My mother once told me that my grandfather would write a letter if he was upset or irritated with someone. He would then put that letter in his drawer and hold on to it for a while before sending it to that person. It was a kind of quarantine/cooling period for the thoughts to make sure they really were what he wanted to say before sending them off. I’m pretty sure she told me this after having talked her ear off with an angsty childhood rant.
The take-home message from this object lesson was twofold. First, be positive that what you are communicating is what you really want to say. Second, be sure you are using the right medium. The first was obvious, the second came later when I realized that though mothers may love their children very much, they do not deserve to be subjected to hour-long unfocused tirades about teenage injustices with the frequency I dealt them.
In this age of instant communication where words can travel faster than ever before, in quantities greater than anyone could have ever imagined, it can be hard to tell what, when and how things should be shared. I’ve read some things online recently that should have been shared in a different format, at a different time if they should have even been shared at all. Reading things like that makes me second guess some of the content I have wanted to share and how I have wanted to share it. I have the ‘when’ but I’m missing the other two pieces.
There are a lot of things I want to share here for a great many reasons. Mainly my whole coming out story (yes, I’m agonizing about this again). I just worry about how it will be received and if it will accomplish anything remotely close to what I am hoping. Where the risk is great, the potential reward is greater. My problem is that I tend to be, for better or worse, a pretty risk-averse person and the idea of this blowing up in my face somehow is paralyzing.

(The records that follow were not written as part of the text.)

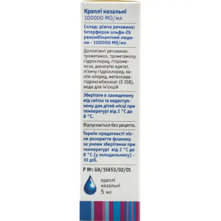 1 мл капель содержит интерферона альфа-2b рекомбинантного человека 100000 МЕ;
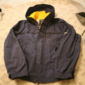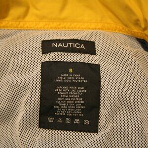 Nautica Men's NS 83 Full-Zip Hooded Rain Jacket, Size Small, Blue w/Yellow Trim,
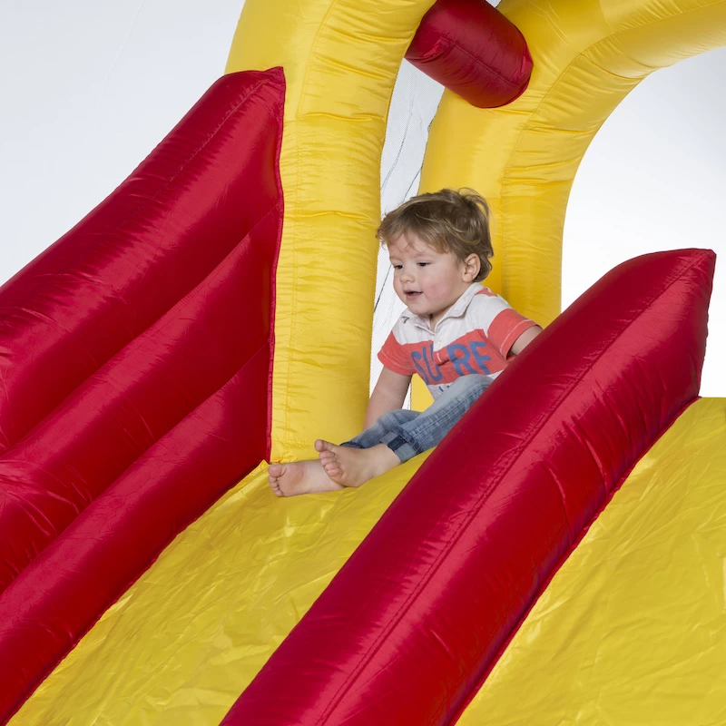 Springkussen: check. Twee glijbanen: check. Kinderbadje: check. Basketbalcourt: ook check!! Het Avyna Double Mega Slide 4-1 springkasteel heeft het allemaal. Eindeloos speelplezier voor de kinderen dus! En misschien ook voor jou, als niemand kijkt? Of als ze ’s avonds op bed liggen? Doen! Is veel leuker dan schoonmaken. Of de was doen. Of administratie. Even een sprongetje.
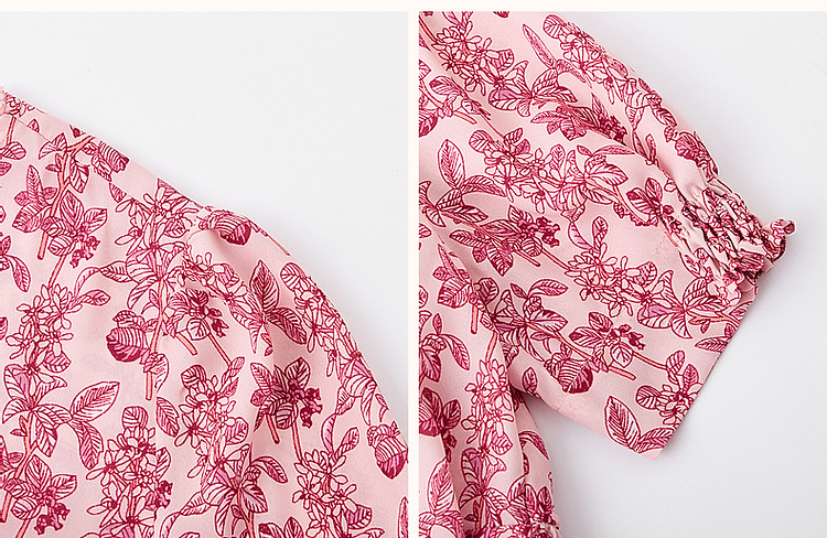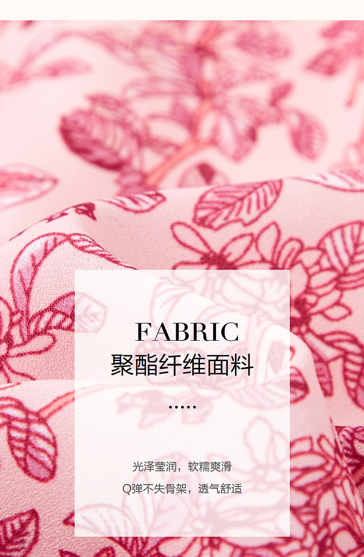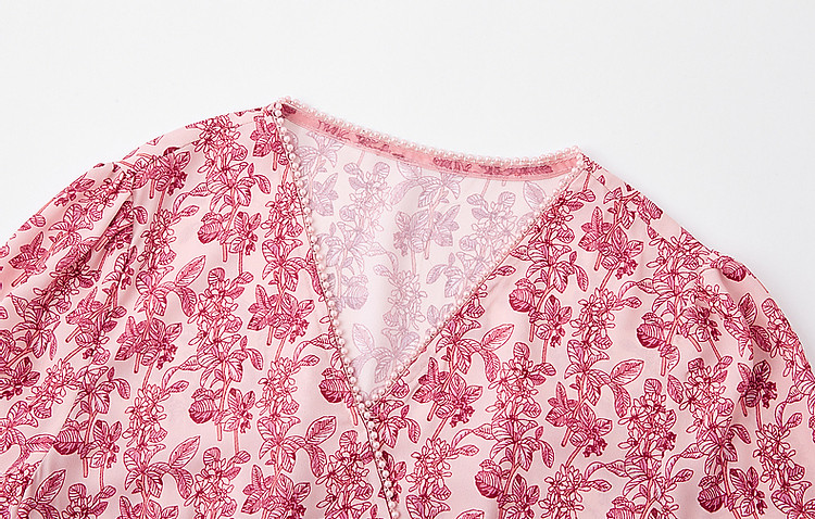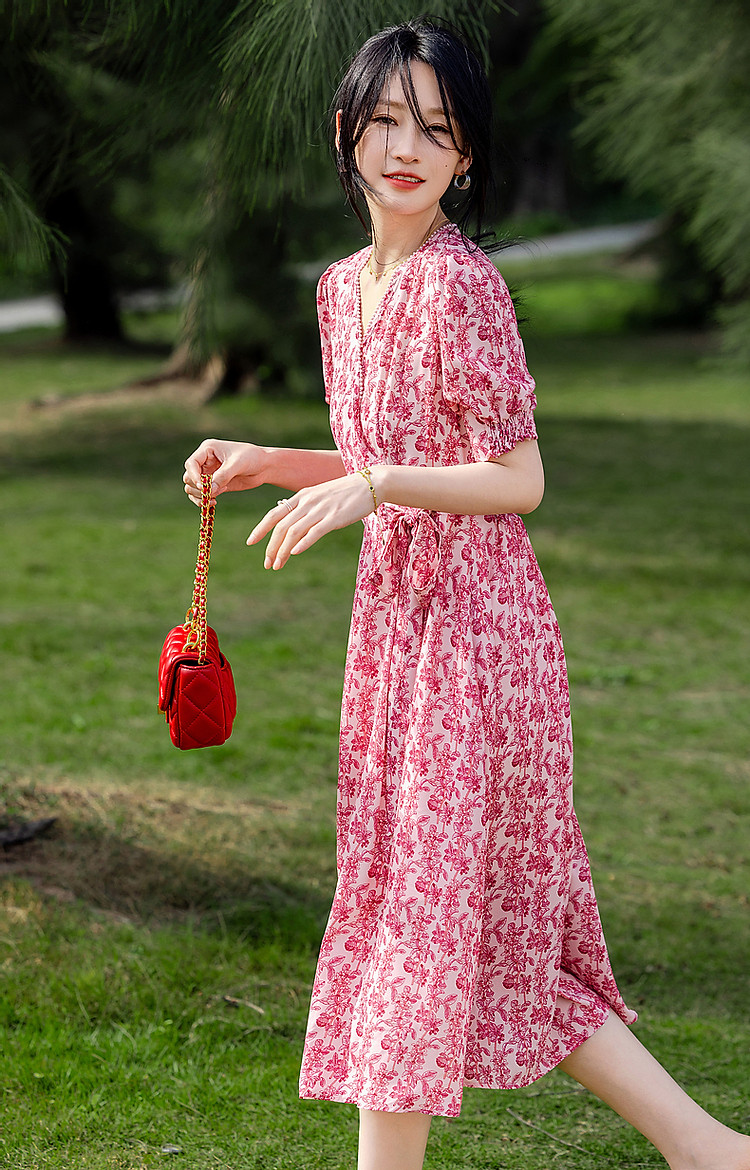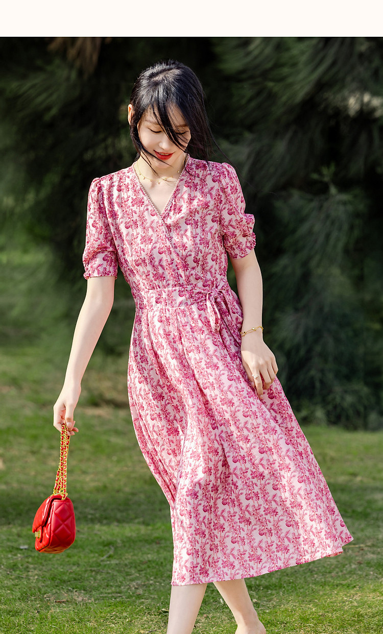 商品名称:【唯美雪纺茶歇裙】夏优雅风法式V领收腰印花珍珠链绑带连衣裙 976513
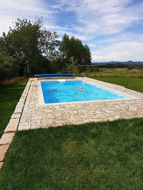 Nabízíme k pronájmu krásně zrekonstruovanou roubenku s obrovskou zahradou a velkým krytým vyhřívaným bazénem s protiproudem (8 x 4 m), který je v provozu od poloviny dubna...
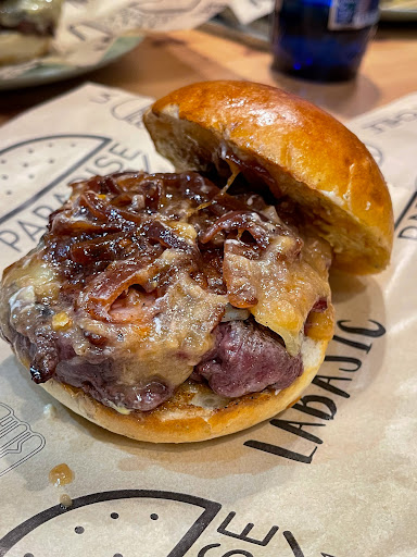 Una cosa que me molesta mucho es que se engañe al cliente con la oferta gastronòmica y según mi opinión, creo que este fue el caso. Adjunto imagen de la hamburguesa que se espera, presentada al concurso, y la que me llegó a la mesa: el queso sin fundir; un guancciale que no presenta el punto de cocción como el que se puede observar en la foto del concurso, mas bien estaba crudo; un pan brioche frío y reitero, ni punto de comparación con lo observado en la imagen. Por lo que refiere a la carne, no quiero que se tome como una queja como las otras descripciones, sino como una opinión personal, ya que no soy experto en carnes maduradas, pero he tenido el placer de probar carnes de este estilo, y no me transmitió los sabores de una hamburguesa de carne madurada durante 180 días.

I sometimes read other people’s stories and they leave me feeling depressed, angry, sad or dirty. That outcome is the exact opposite of what I want to achieve here. There may be some parts of the story which may be sad or frustrating the overall intent is show the journey I made to a positive and unexpected outcome from what seemed to be an impossible situation. I think that I can pull this off, I just have to buckle down and do it. It will just be important to listen carefully to feedback regarding the how, what and when of what I’m sharing to make sure I am communicating what I want to.